§ **RECORD SET**
'''
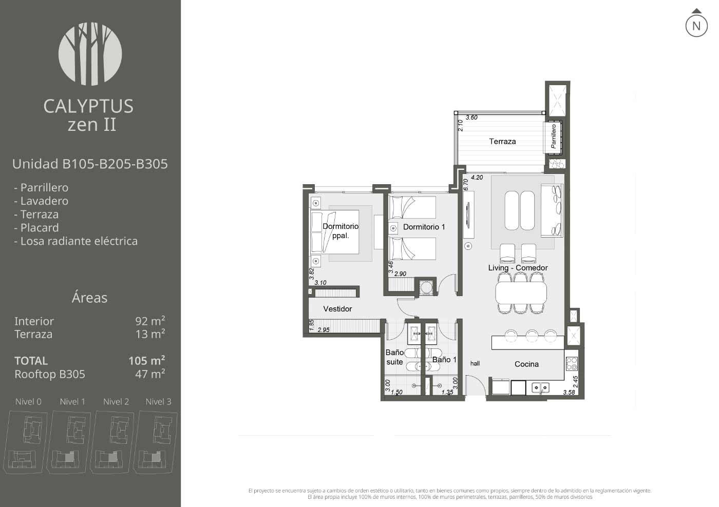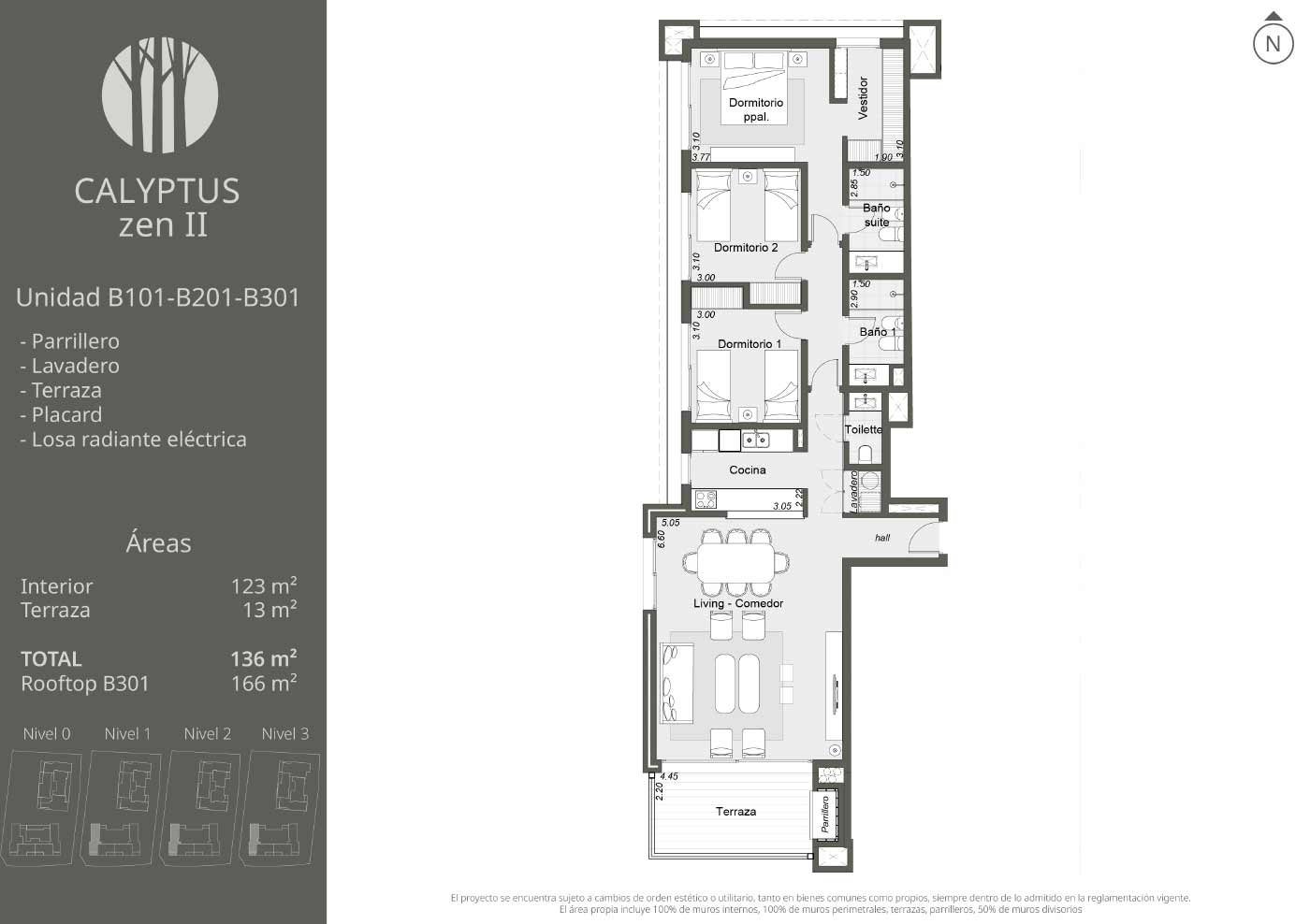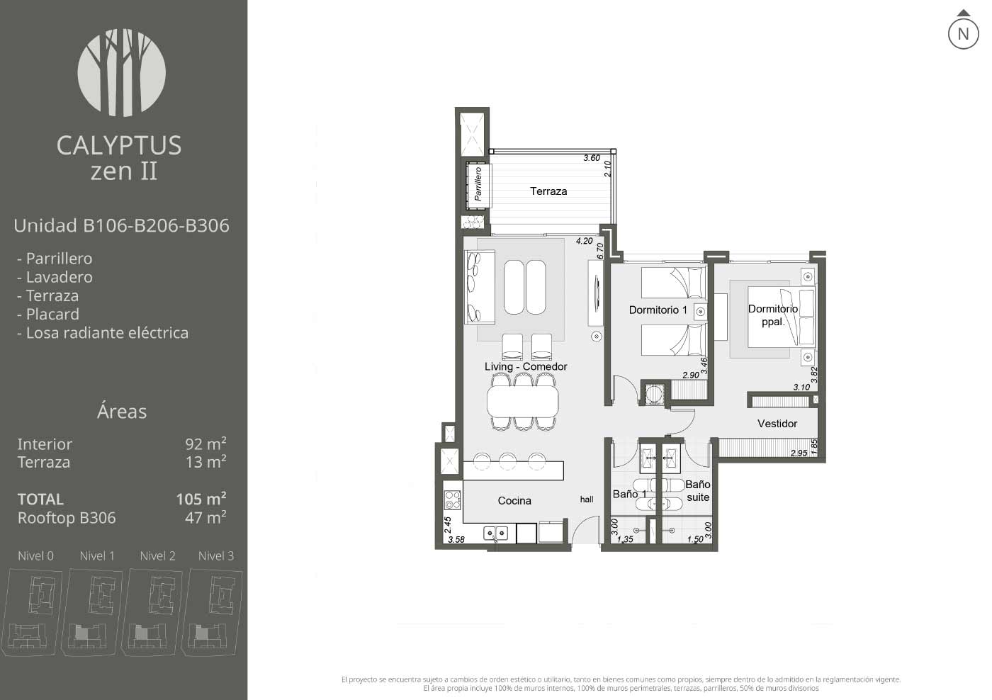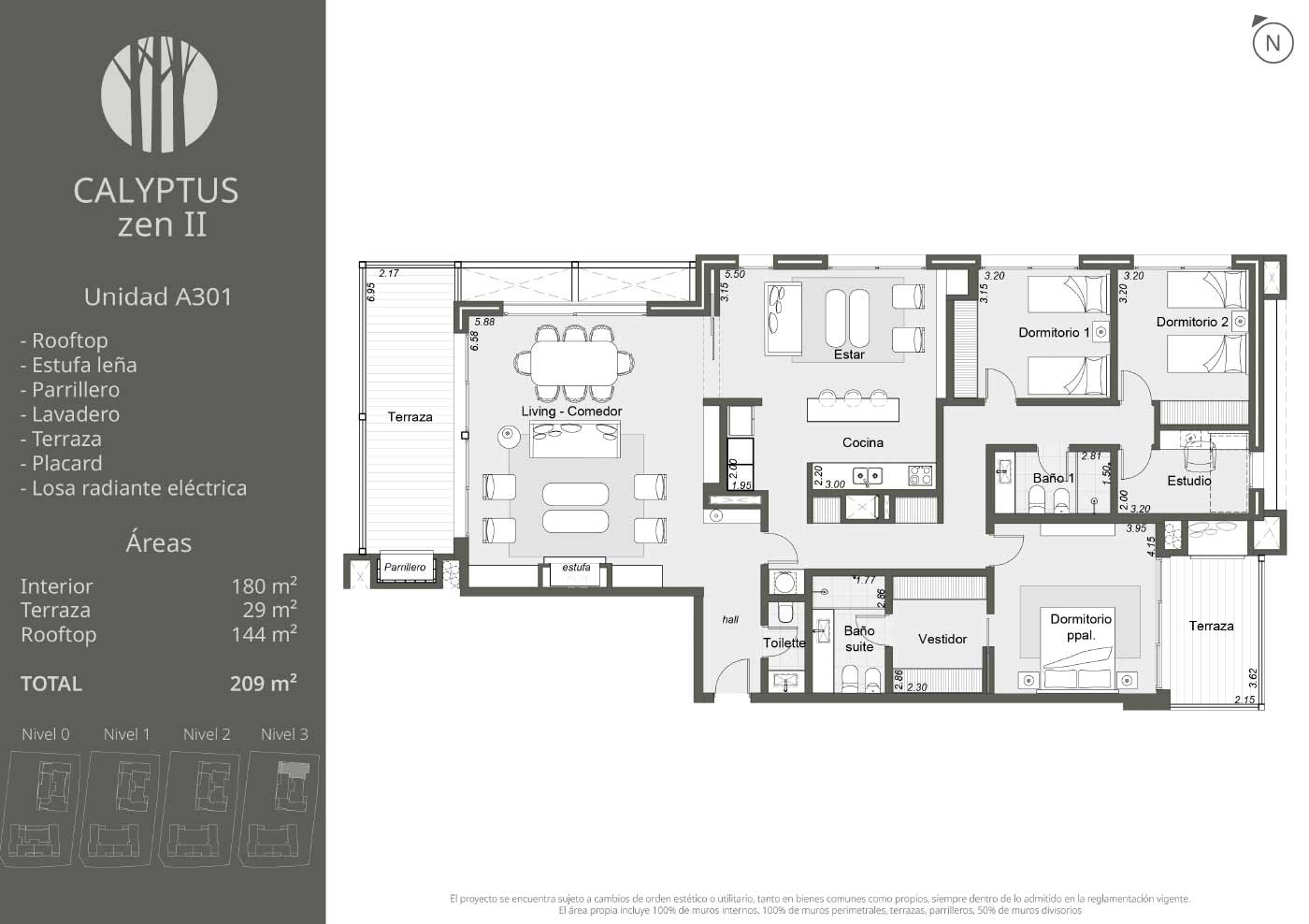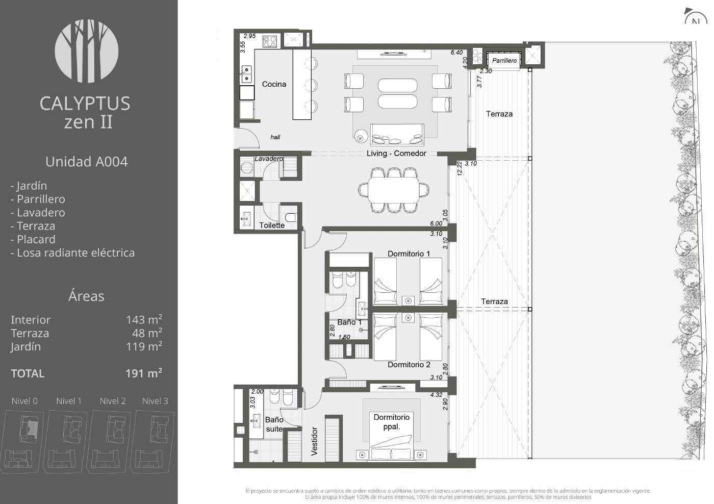 Exclusivas unidades de 2, 3 y 4 dormitorios que destacan por su amplitud y elegancia en el diseño. Cuentan con amplios ventanales que maximizan la luz natural y extensas terrazas con parrillero, que se abren a espacios verdes y jardines privados. Cada ambiente ha sido concebido para ofrecer una experiencia acogedora en perfecta armonía con la naturaleza.
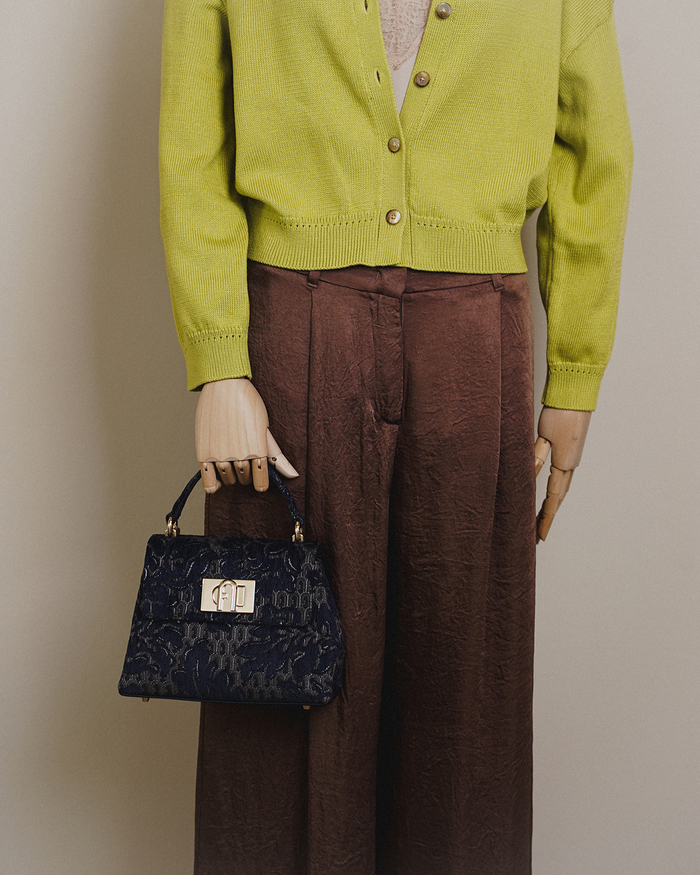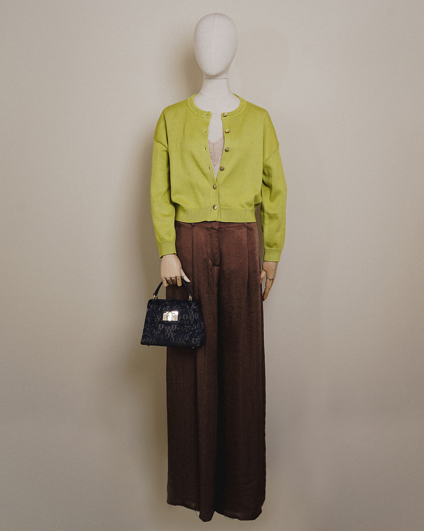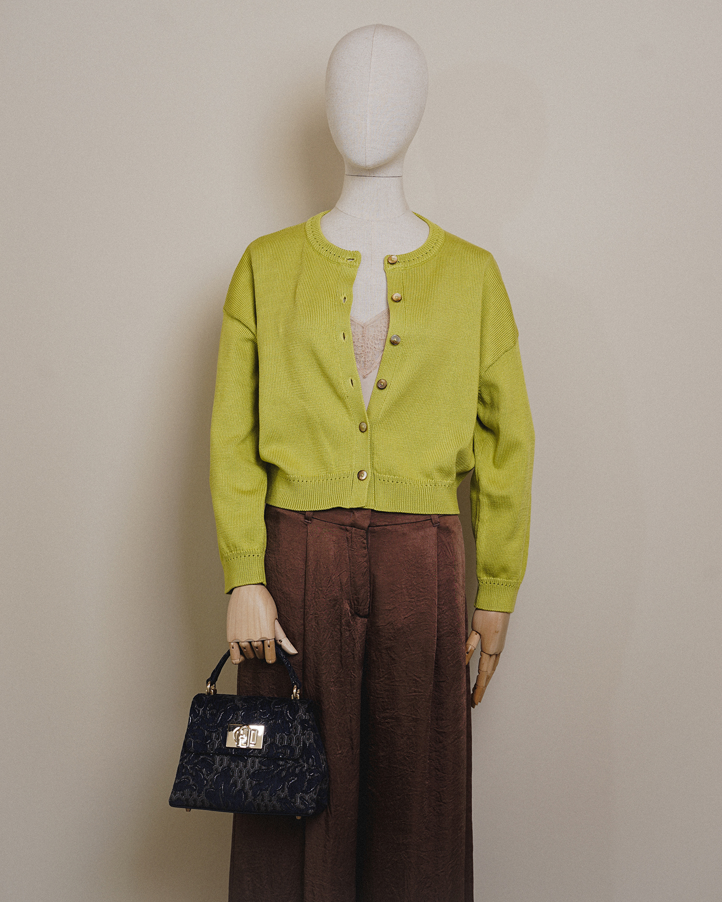 Стильный образ от Marella для работы в офисе состоит из укороченного хлопокового кардигана зеленого цвета с застежкой на пуговицы, из топа кремового цвета с атласным блеском и кружевом, также из брюк-палаццо коричневого цвета со специально помятым эффектом.
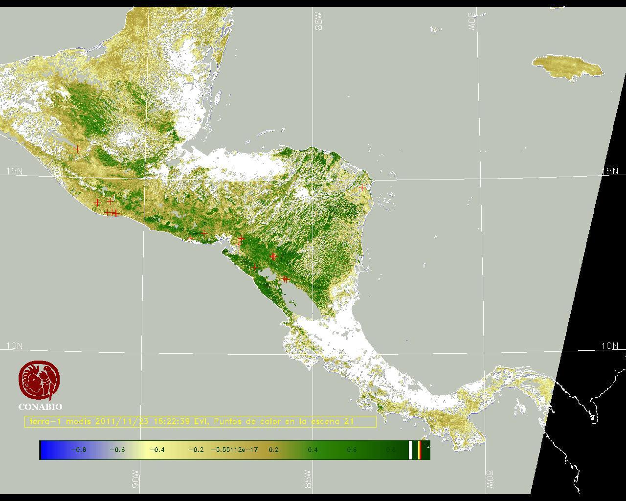 Se considera como punto de calor al elemento espacial mínimo de la imagen (pixel) que reporta una temperatura elevada. Para las imágenes diurnas la temperatura mínima considera es de 42C y para las imágenes nocturnas es de 25C. |
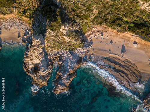 Vista aerea di Capo Vaticano, Calabria, Italia. Ricadi. Costa degli Dei. Promontorio della costa calabra. Costa frastagliata, insenature spiagge e calette. Tramonto
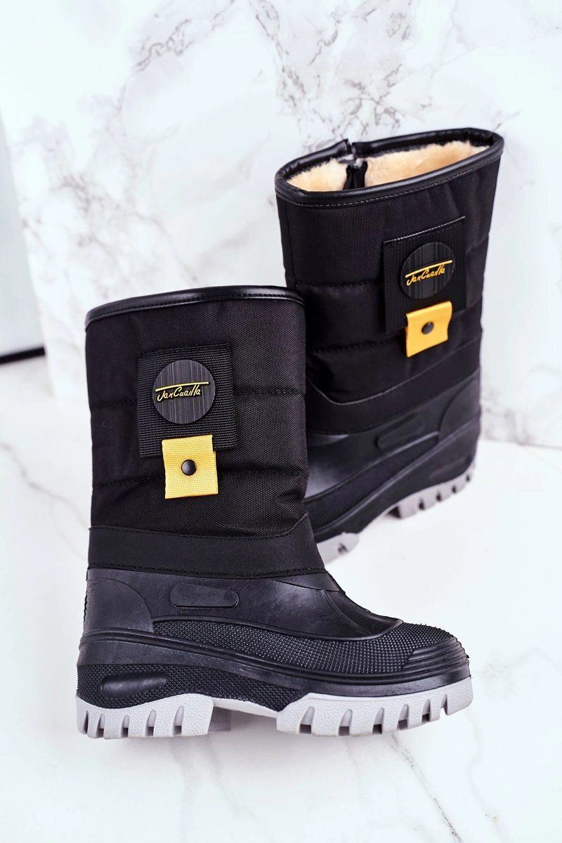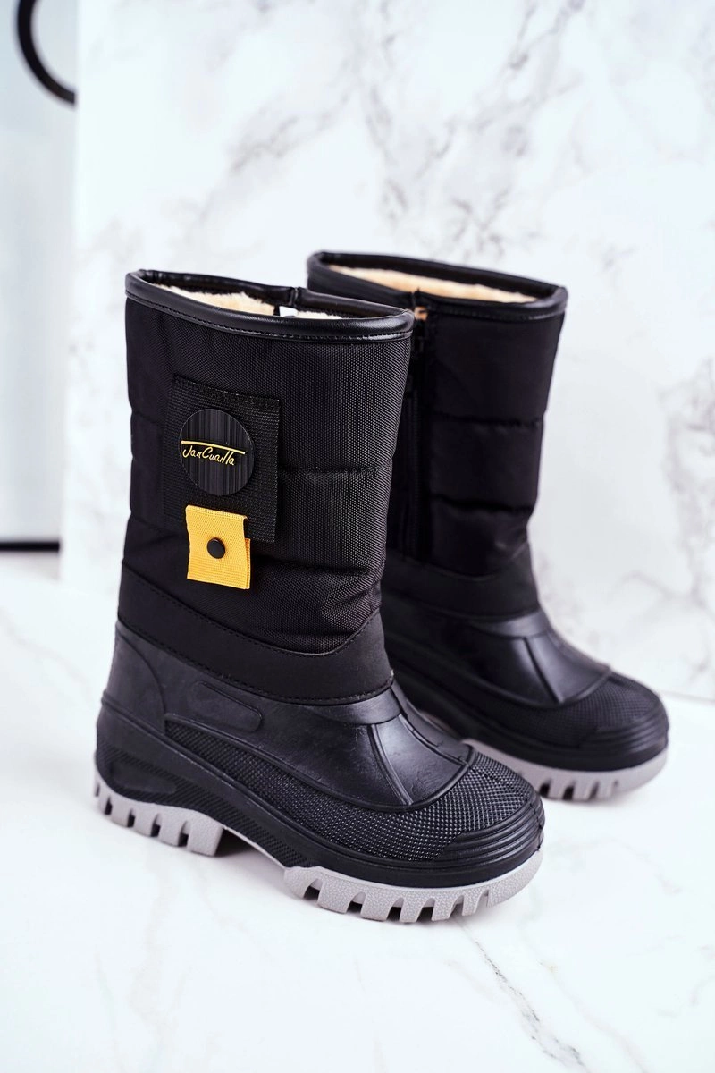 Dziecięce Śniegowce Ocieplone Futerkiem Czarne Rubbi
'''
Leave out the images and write out the lines above exactly, from the one with "Se considera como" up to and including the one with "Vista aerea di".

 Se considera como punto de calor al elemento espacial mínimo de la imagen (pixel) que reporta una temperatura elevada. Para las imágenes diurnas la temperatura mínima considera es de 42C y para las imágenes nocturnas es de 25C. |
 Vista aerea di Capo Vaticano, Calabria, Italia. Ricadi. Costa degli Dei. Promontorio della costa calabra. Costa frastagliata, insenature spiagge e calette. Tramonto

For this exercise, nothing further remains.